Published
2024-01-31
Metrics
Metrics Loading ...

Affective politics and animal collectivity

DOI: https://doi.org/10.22490/26655489.7612
Section
Artículos de reflexión
Martina Davidson Universidad Federal do Río de Janeiro (UFRJ)

For some years now, many researchers have dedicated themselves to studying animality and its multiple extensions into ethics, politics, and the rights of species other than humans. There are several justifications for choosing to develop more animal-focused research, but this article highlights the fact that thinking about animality and from it can provide us with alternative philosophical paths to anthropocentric and colonial thinking, making visible or constructing other worlds, multispecies worlds. To begin reflecting on these worlds, the notion of multispecies worlds is initially developed. Then, the concept of animal affective politics (and animal collectivity) is presented, exemplified through spiders and wolves.

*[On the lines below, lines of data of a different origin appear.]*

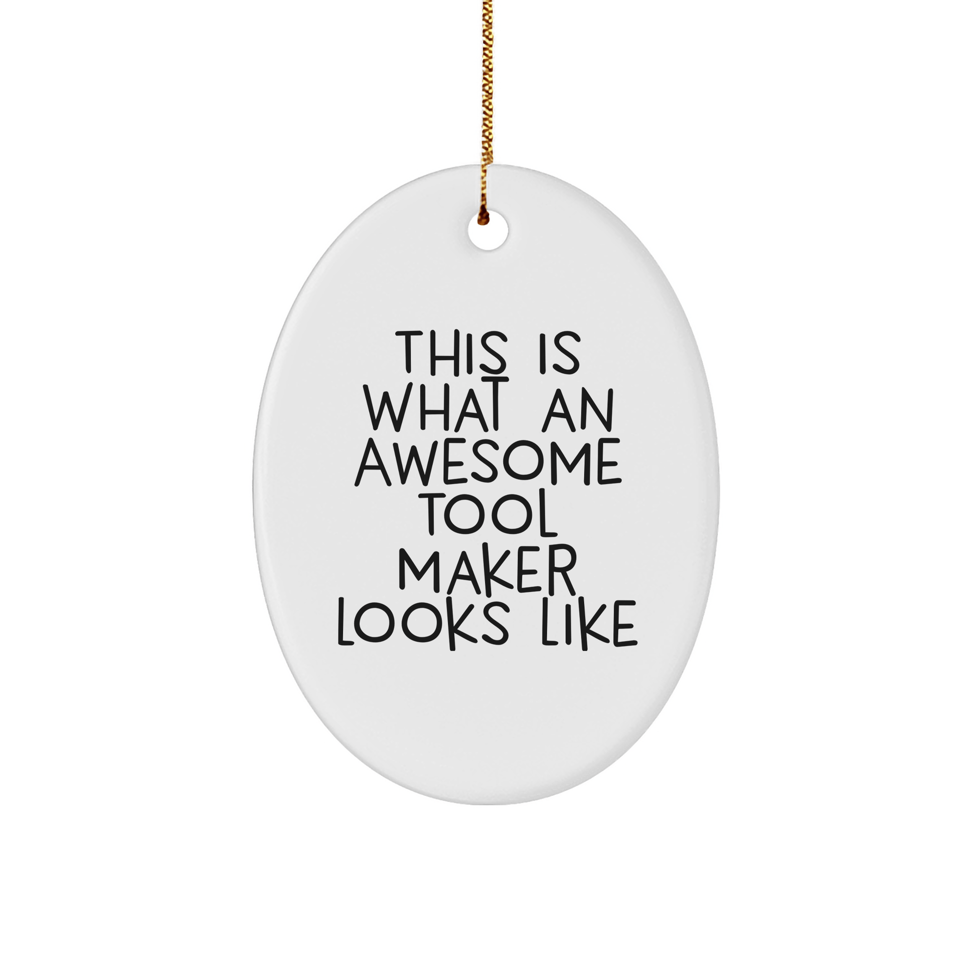 Are you a Tool Maker enthusiast or looking for a unique gift for the one who loves making tools? Look no further! This 'This Is What An Awesome Tool Maker Looks Like' Oval Ornament is the perfect addition to any Tool Maker's collection. Crafted from sturdy MDF with a high-gloss plastic finish, this ornament is vibrantly printed from edge-to-edge via Sublimation, ensuring bright, vivid colors. Lightweight and resistant to breaking, it's a great choice for households with children or pets. Ships with a festive gold cord for easy hanging, perfect for stress-free decorating. Give the gift of laughter and joy to your favorite Tool Maker this Christmas.
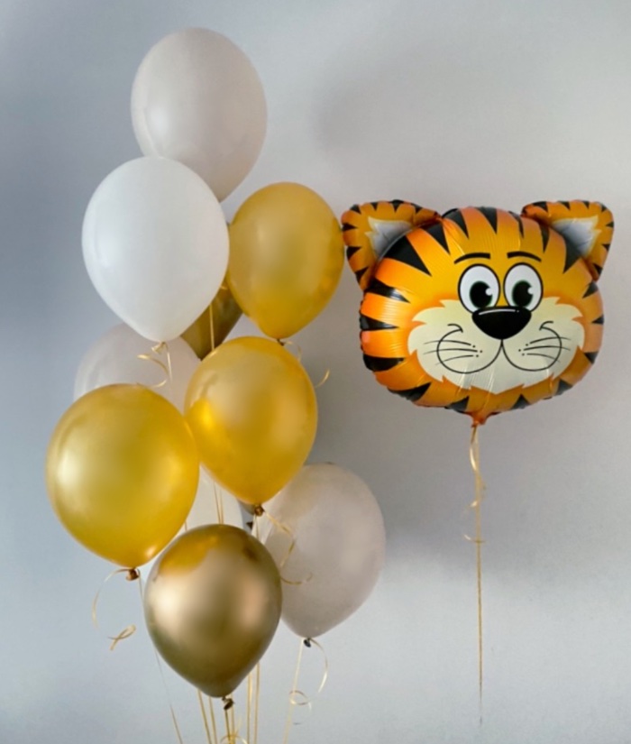 • 1 x balon foliowy tygrysek, rozmiar 76 cm + wstążka ~1,5 m.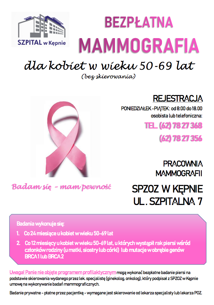 Samodzielny Publiczny Zakład Opieki Zdrowotnej w Kępnie zaprasza na bezpłatne badania mammograficzne panie w wieku od 50 do 69 lat.
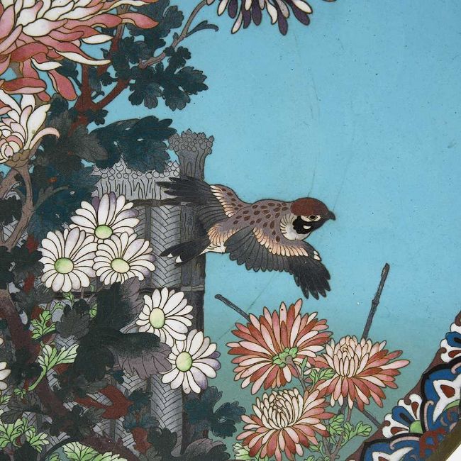A LARGE PAIR OF LATE 19TH CENTURY JAPANESE MEIJI PERIOD CLOISONNE CHARGERSthe plates or dishes of circular form and decorated with birds amongst blossom on a turquoise ground,within a polychrome enamel geometric borders, the undersides with a fan shaped reticulated design,45cm diameter (2)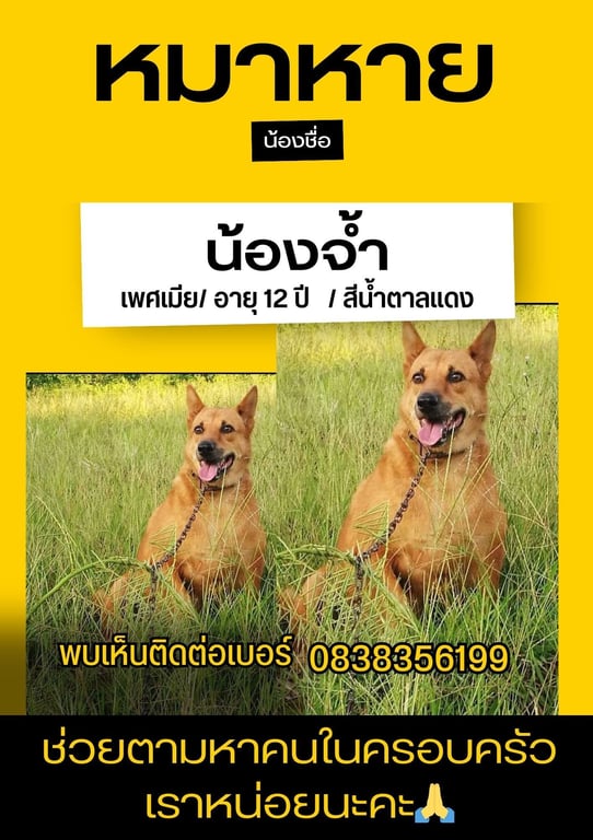 รอยตำหนิ: ตัวอ้วนมาก หนัก 40 กิโล ขอบตาดำ จมูกดำนิสัยเป็นมิตร ขี้กลัว

Building on these reflections and theoretical contributions, this article argues that animal affective politics and animal collective experiences (and affection in all its scope) are understood as one of the multiple possible tools to (re)produce multispecies worlds. Through this exploration, the possibility is opened to investigate affections and their politics in animality as a powerful alternative to further expand our negotiation capacity in the uncertain terrain of multispecies worlds. Investigating the affective investment that runs through the core of disputes about the meaning of relationships and the world relocates us in the debate and values the inherent conflict condition in the pursuit of fair decision-making in the realms of ethics and politics.